*What the exercise asks*: Find the line containing "p浮——浮筒內(nèi)浮子" in the entries below. Restate it and each line after it, word for word, up to and including the line containing "Personalised Morocco Proclamation".

*Listed entries*:
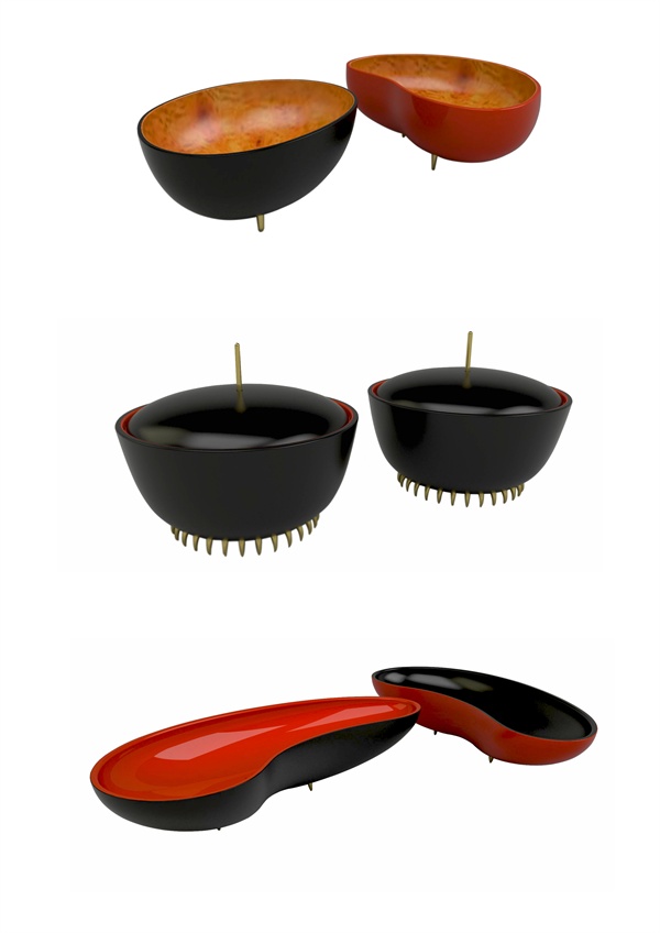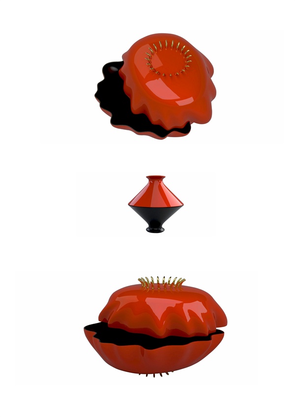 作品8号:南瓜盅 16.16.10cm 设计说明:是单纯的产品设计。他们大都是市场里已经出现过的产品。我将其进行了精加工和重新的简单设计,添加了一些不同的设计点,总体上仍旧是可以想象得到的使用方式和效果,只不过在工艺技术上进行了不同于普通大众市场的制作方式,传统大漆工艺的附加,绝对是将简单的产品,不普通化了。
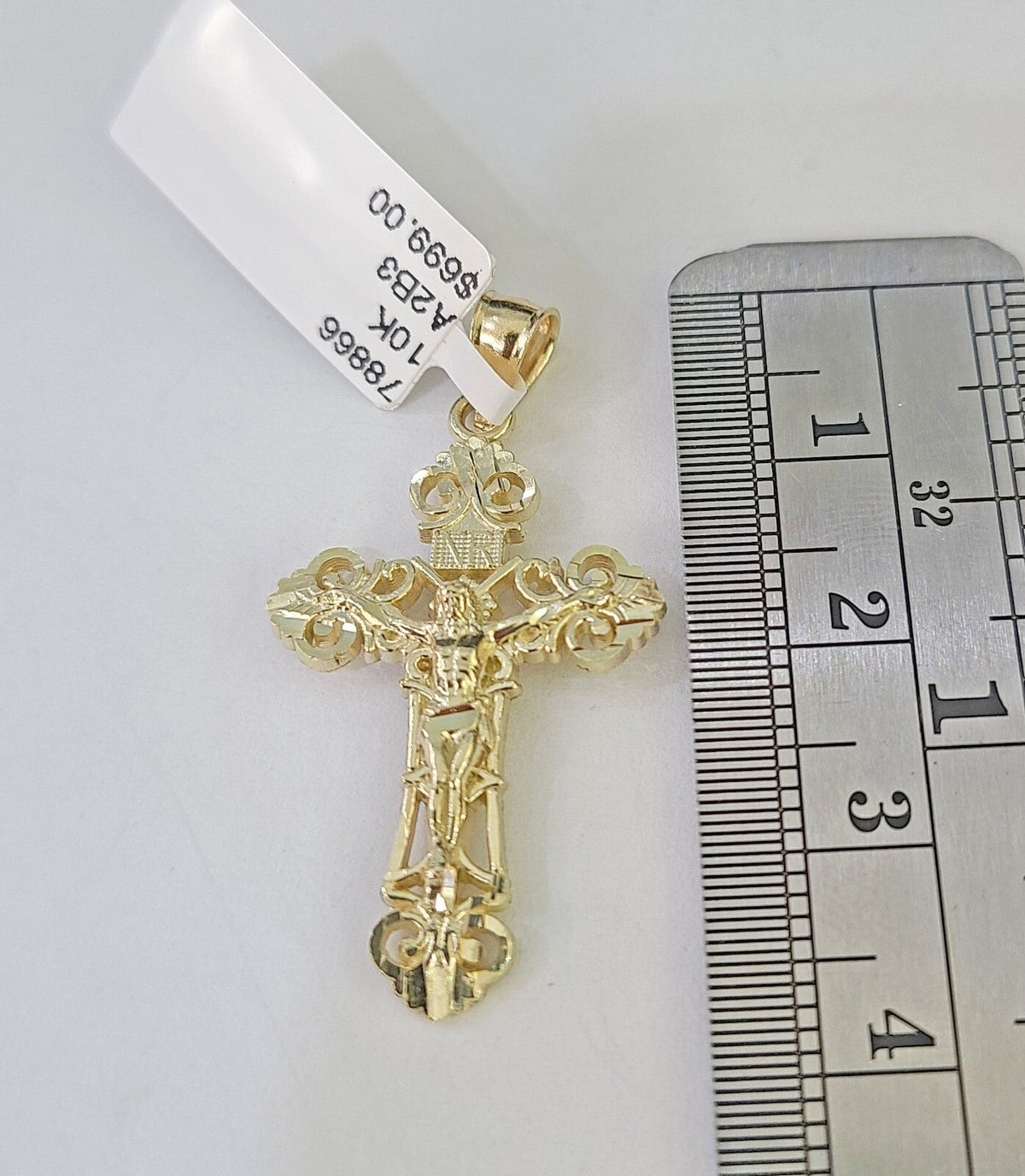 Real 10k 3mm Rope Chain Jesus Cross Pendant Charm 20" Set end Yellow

==

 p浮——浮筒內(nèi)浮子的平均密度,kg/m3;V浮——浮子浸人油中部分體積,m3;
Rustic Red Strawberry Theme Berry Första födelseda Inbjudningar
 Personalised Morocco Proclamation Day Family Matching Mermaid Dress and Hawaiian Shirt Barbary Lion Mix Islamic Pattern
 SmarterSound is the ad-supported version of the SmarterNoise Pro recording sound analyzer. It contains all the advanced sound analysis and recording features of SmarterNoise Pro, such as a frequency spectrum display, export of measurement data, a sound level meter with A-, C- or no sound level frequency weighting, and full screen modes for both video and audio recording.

* * *

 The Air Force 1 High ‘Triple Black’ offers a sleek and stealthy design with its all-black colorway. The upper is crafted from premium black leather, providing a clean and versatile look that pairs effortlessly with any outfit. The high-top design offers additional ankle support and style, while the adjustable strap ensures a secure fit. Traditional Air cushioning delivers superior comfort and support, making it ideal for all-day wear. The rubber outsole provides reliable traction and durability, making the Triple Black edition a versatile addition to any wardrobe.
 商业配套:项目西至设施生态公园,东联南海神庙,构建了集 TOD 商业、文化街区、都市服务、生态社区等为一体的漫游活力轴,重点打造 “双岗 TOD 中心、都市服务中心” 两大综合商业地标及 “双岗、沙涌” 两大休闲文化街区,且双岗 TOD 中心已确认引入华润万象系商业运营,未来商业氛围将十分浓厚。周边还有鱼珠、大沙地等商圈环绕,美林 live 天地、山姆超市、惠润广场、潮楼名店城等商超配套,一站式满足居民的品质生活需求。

*Answer to this problem*:
 p浮——浮筒內(nèi)浮子的平均密度,kg/m3;V浮——浮子浸人油中部分體積,m3;
Rustic Red Strawberry Theme Berry Första födelseda Inbjudningar
 Personalised Morocco Proclamation Day Family Matching Mermaid Dress and Hawaiian Shirt Barbary Lion Mix Islamic Pattern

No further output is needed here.